Public service jobs are equally inappropriate as a long-term program. One person's "right to a job" necessarily implies somebody else's obligation to pay his salary. Whether the government pays for public service jobs with taxes, borrowing, or printing money, the result is that private purchasing power and employment must shrink.
Federal grants to cities with high unemployment rates have several difficulties: local unemployment data are very inaccurate; scarcity of job opportunities maybe reflected in population loss rather than unemployment; and federal subsidies might delay action in correcting job-destroying local policies (steep taxes, restrictive building codes, etc.).
Protection against imports raises prices, thus reducing real incomes and the related employment. And it reduces the U.S. demand for foreign currencies, thus keeping the dollar artificially overvalued and hurting employment in our export industries.
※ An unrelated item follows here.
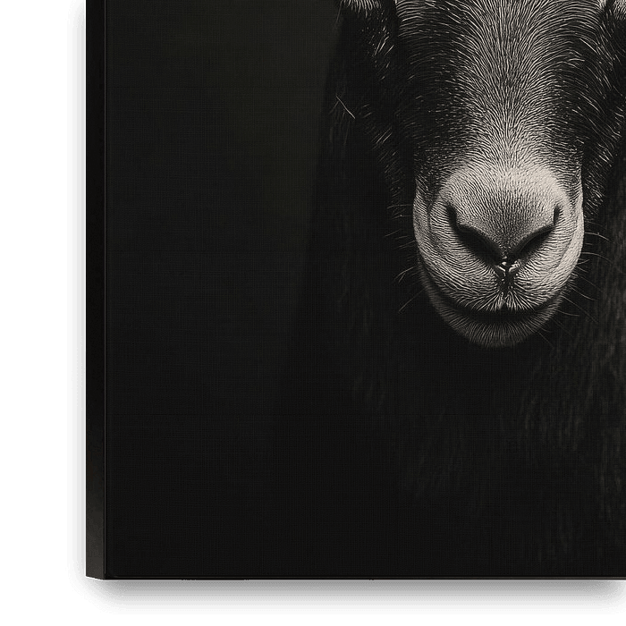 A majestic animal with impressive, curved horns stands out against a deep, dark background. Its gaze radiates both calm and strength, drawing all eyes to it. This important work of art would look great in a living room, where it can stimulate conversation and create a sense of closeness to nature.

All of this may sound rather negative, but avoiding error is probably the most constructive thing that could be done. The 1974-75 experience, for example, could have been avoided by fiscal and monetary restraint in 1972-73. There are, however, some additional positive steps that would expand job opportunities.
Many government and trade union policies create formidable barriers to job market entry or advancement. Occupational licensing is an often unduly restrictive barrier to opportunity, whether it is local (taxicabs) or national (trucking). National and state minimum wage laws also make it difficult for young people to gain work experience and on-the-job training.
A variety of taxes and regulations create a wedge between what employers pay for labor and what employees receive in take-home pay. An employee who gets $5 an hour, after taxes, costs the employer much more. That reduces both the employer's demand for labor and the employee's willingness to accept and keep a job. Shifting from one tax to another (payroll to income, employee to employer) would have little effect. The total burden needs to be cut to give employers more incentive to employ and workers more incentive to work.